Den Weg dorthin kennen David Ward und etliche seiner Feuerwehrleute inzwischen im Schlaf – schließlich sind sie zuletzt mehrfach zu dem Unternehmen ausgerückt. Immer wieder gerieten dort die stetig wachsenden Müllberge in Brand; einmal musste die Feuerwehr sogar sechs Tage am Stück löschen – der längste Einsatz ihrer Geschichte. 
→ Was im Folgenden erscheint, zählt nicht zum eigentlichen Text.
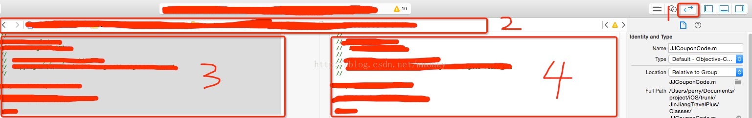 2.從另外一個分支的xcode窗口中選中同名的文件,然后使用“command+`”切換到當前的xcode窗口。
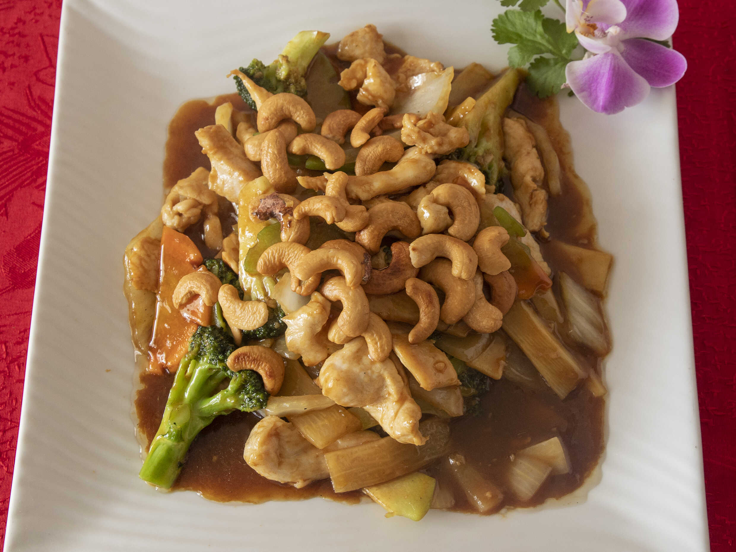 Trozos de pollo, cebolla, apio, verduras, bambú y semilla de marañones en salsa de ostión.
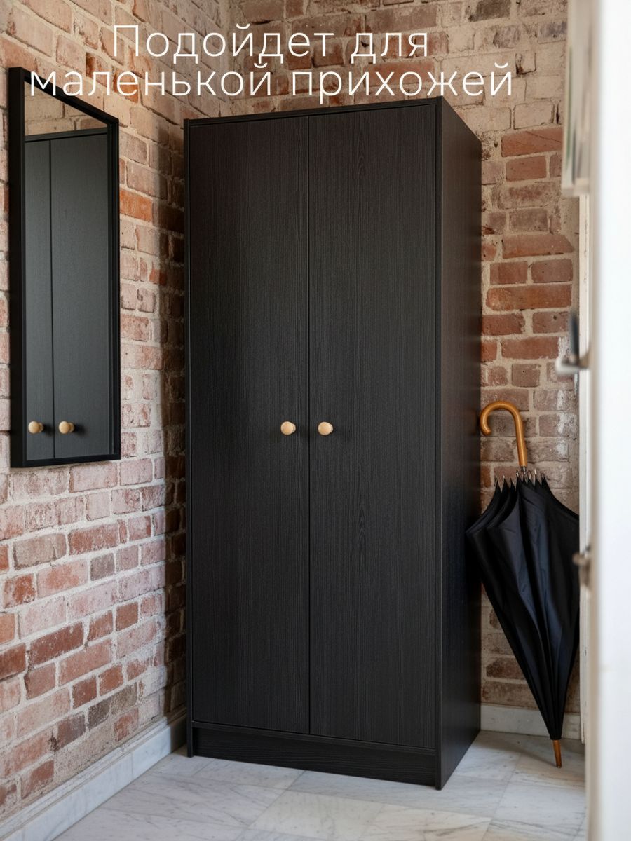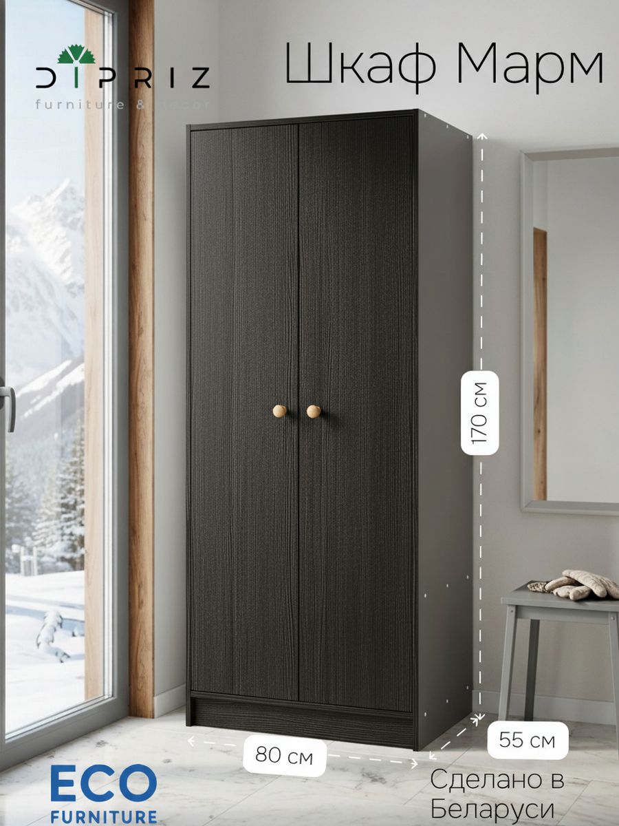 Шкаф для одежды Марм цвета черной сосны — это простой и надежный помощник, который поможет навести идеальный порядок в вашем доме. Представьте: открываете дверцы — и все вещи на своих местах, ничего не валяется, комната выглядит светлой и уютной. Двухдверный распашной шкаф с деревянной штангой из массива сосны и полкой от белорусского производителя Dipriz создан именно для этого — хранить одежду, обувь или игрушки так, чтобы было удобно и красиво.

Damals gab es reichlich Kritik an AR Recycling. Zum einen von den Feuerwehren aus Hochbrück und Garching, die ob der Zustände auf dem Firmengelände nachhaltig erbost waren. In der Folge schaltete sich auch das Landratsamt als Aufsichtsbehörde ein. Auf der Hochbrücker Bürgerversammlung verkündete Landrat Christoph Göbel (CSU): „Es ist kein dauerhaft hinzunehmender Zustand, dass dort Abfälle immer wieder in Brand geraten.“ 

Zum anderen schwelte seit Mitte vergangenen Jahres ein Streit zwischen AR Recycling und der Stadt Garching sowie deren Bürgermeister. Nachdem sich beide Seiten über die Modalitäten ihrer Zusammenarbeit und die Abfallgebühren nicht einig werden konnten, verlangte die Firma im Herbst plötzlich Geld von Bürgern, die dort Sperrmüll oder Grünabfälle abgeben – ein Service, der bis dato kostenlos war. Aufseiten von AR Recycling sah man sich im Recht; bei der Stadt jedoch klagte der zuständige Umweltreferent über einen „klaren Vertragsbruch“. 

Doch all diese Zwistigkeiten sollen hier und heute auf dem Parkplatz der Feuerwehr Vergangenheit sein und werden nur am Rande erwähnt. Etwa von David Ward, der an eine „schwierige Zeit und schwierige Einsätze“ erinnert. Doch schon im nächsten Satz bedankt sich der Kommandant wortreich für jenen mobilen Wasserwerfer, der vor ihm steht. Dieses Gerät hat AR Recycling der Feuerwehr gespendet; es soll eine Geste des Dankes sein und ein Zeichen, „dass wir künftig wieder vernünftig mit allen Seiten zusammenarbeiten wollen“, sagt Firmenchef Michael Klotz. 

Wobei es nicht nur der Wasserwerfer im Wert von rund 20 000 Euro ist, der die Wogen geglättet hat. Vielmehr habe AR Recycling die umfangreichen Sicherheitsauflagen von Landratsamt, Stadt und Feuerwehr „zu 95 Prozent erfüllt“, betont Ward – „und das mit sehr hohem finanziellen Aufwand“. Rund 100 000 Euro habe man ausgegeben, sagt Klotz – unter anderem für einen Wasserwerfer, eine Bedüsungsanlage und die Schaffung mehrerer Wasserquellen. 

Angesichts dieser Entwicklungen ist auch Bürgermeister Gruchmann hörbar bemüht um konziliante Töne. Zwar räumt er ein: „Es gab Defizite, und vielleicht muss es da auch mal scheppern.“ Doch sogleich fügt er hinzu: „Wir sehen die Bemühungen, die von der Firma unternommen werden.“ Und weiter: „Ich will betonen, dass wir AR Recycling nicht als Negativeinrichtung sehen, sondern dass die Firma hier in Hochbrück am richtigen Standort sitzt.“ Auch für Gespräche hinsichtlich einer abermaligen Zusammenarbeit sei die Stadt nunmehr offen, so Gruchmann.